So, from the sounds of that it's not necessary to have the additional cable, but is an added step for additional safety.


----------



## redbug (Mar 10, 2011)

that is their out clause.. if the battery explodes and you didn't have the extra cable they will claim you failed to follow the instructions


----------



## rusty.hook (Mar 11, 2011)

I just use an on board 6amp battery charger that stays in my boat. Its hooked up to the trolling motor battery all the time, I just back the boat in the stall, grab the plug on the charger and plug it in to my extension cord, and that's it. When the green light comes on, its charged. It is all sealed. Mine is made by Motor Guide, I bought it off Ebay.


----------



## Mpd165 (Mar 12, 2011)

Well, now I have to get a new battery. After being on the charger for about 24 hours I went out in the garage and found a puddle all around the battery, so obviously it's bad and leaking. It was a free battery that came with the boat, so it's no loss. I just means I have to go shopping for something else.


----------



## gmoney (Mar 12, 2011)

Mpd165 said:


> Well, now I have to get a new battery. After being on the charger for about 24 hours I went out in the garage and found a puddle all around the battery, so obviously it's bad and leaking. It was a free battery that came with the boat, so it's no loss. I just means I have to go shopping for something else.


WOW, be cafeful with that puddle around the battery. It's most likely sulfuric acid if it came from inside of the battery, it will eat through everything! I would suggest neutralizing the acid with a lot of baking soda before trying to remove the battery and clean up the spill.
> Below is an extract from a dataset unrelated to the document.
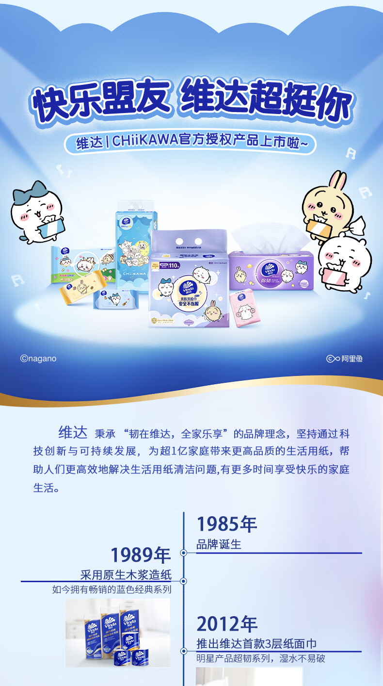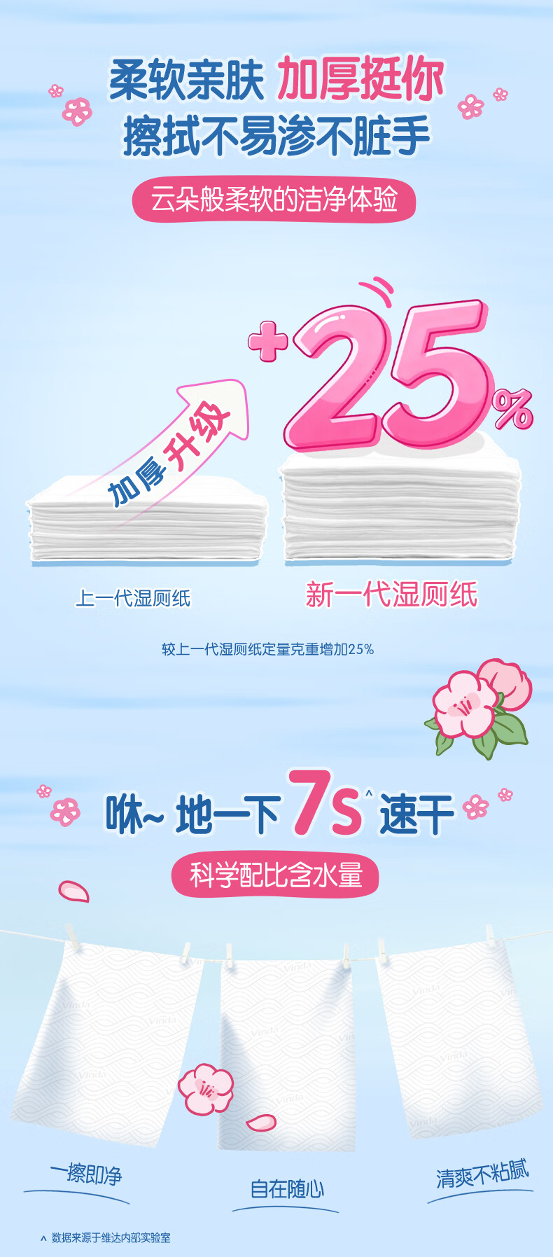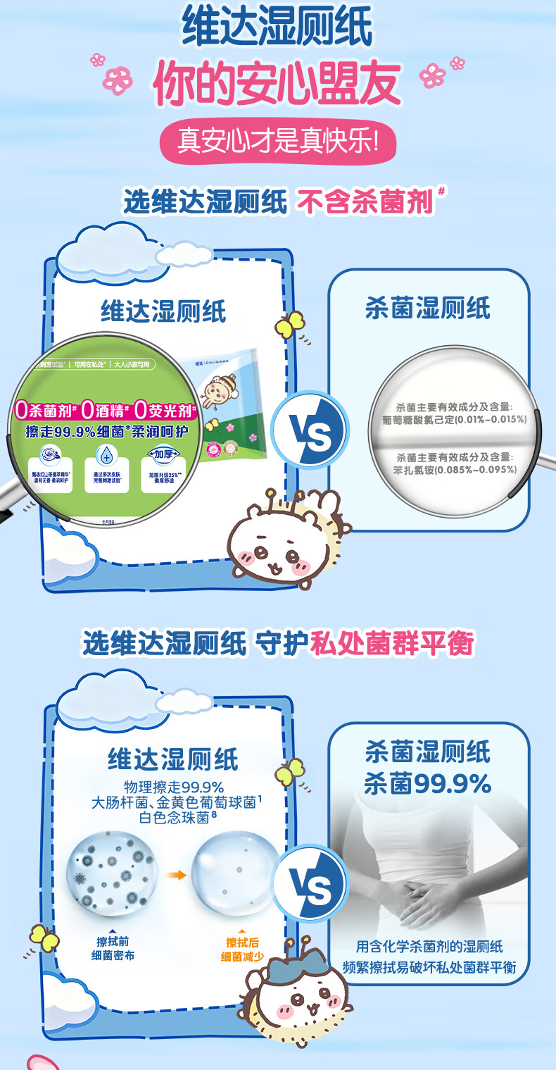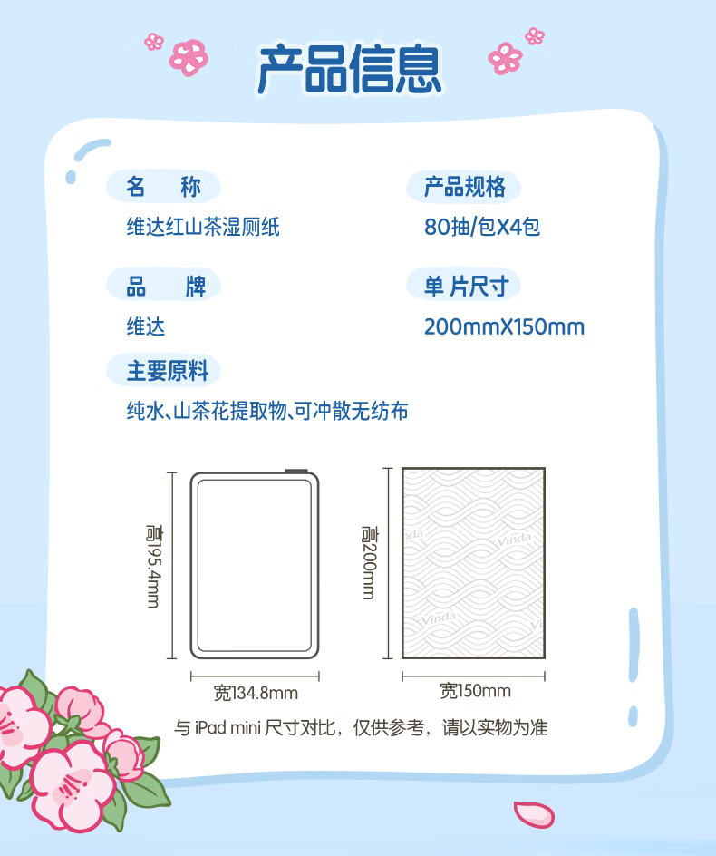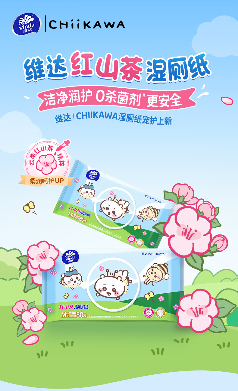 维达|CHIIKAWA湿厕纸80片*4包 红山茶精华 湿纸巾厕纸洁厕湿巾湿厕巾

The voltage regulator went on my dads car once and so the battery overcharged and boiled the acid causing it to leak out. This acid rusted everything around the battery very quickly, it was a mess.


----------



## Mpd165 (Mar 12, 2011)

gmoney said:


> Mpd165 said:
> 
> 
> > Well, now I have to get a new battery. After being on the charger for about 24 hours I went out in the garage and found a puddle all around the battery, so obviously it's bad and leaking. It was a free battery that came with the boat, so it's no loss. I just means I have to go shopping for something else.
> ...



Thanks for the advice. Luckly I had the battery sitting on the concrete garage floor with nothing around, so the only thing affected is the concrete floor. I used some shop towels to mop up as much as possible and put down some kitty litter to soak up what was left. tomorrow after it's had a chance to soak in and i get off work i'll sweep it up and dispose of it. I'm hoping it was a faulty battery and not charger since I just got the charger and this was the first time it has been used. I dont know how old the battery is, but if I guessed at least 5 years I dont think I would be off. I wasnt even sure if the batter would hold a charge, but wanted to try it before I went out and bought another one. Since the indicator lights on the charger said it was hooked up properly and charging I just left it on there waiting for it to show a full charge, until I found my puddle today.


----------



## gmoney (Mar 12, 2011)

I would take the battery in to a store that will test it for free. Their test should show you if the battery is bad or if it's the charger. If it's the first time using the charger and it's bad, you can probably return it. It should have some type of warranty


----------



## Diesel Dan (Mar 17, 2011)

I don't understand why they would not tell you to hook up the battery and then plug in the charger. That is how I do mine and it works good. There may be a reason that they don't want you to do that, I don't know. Also, there has been countless opinions on placing a battery dirrectlly on concrete. I have heard that you can and I've heard that you can't. I have heard that the newer batteries don't matter. I being a poor man with poor ways don't care to find out the hard way so I always put a battery on a wood board when setting it on the floor. I'll let some of the more wealthy guys experiment with that.


----------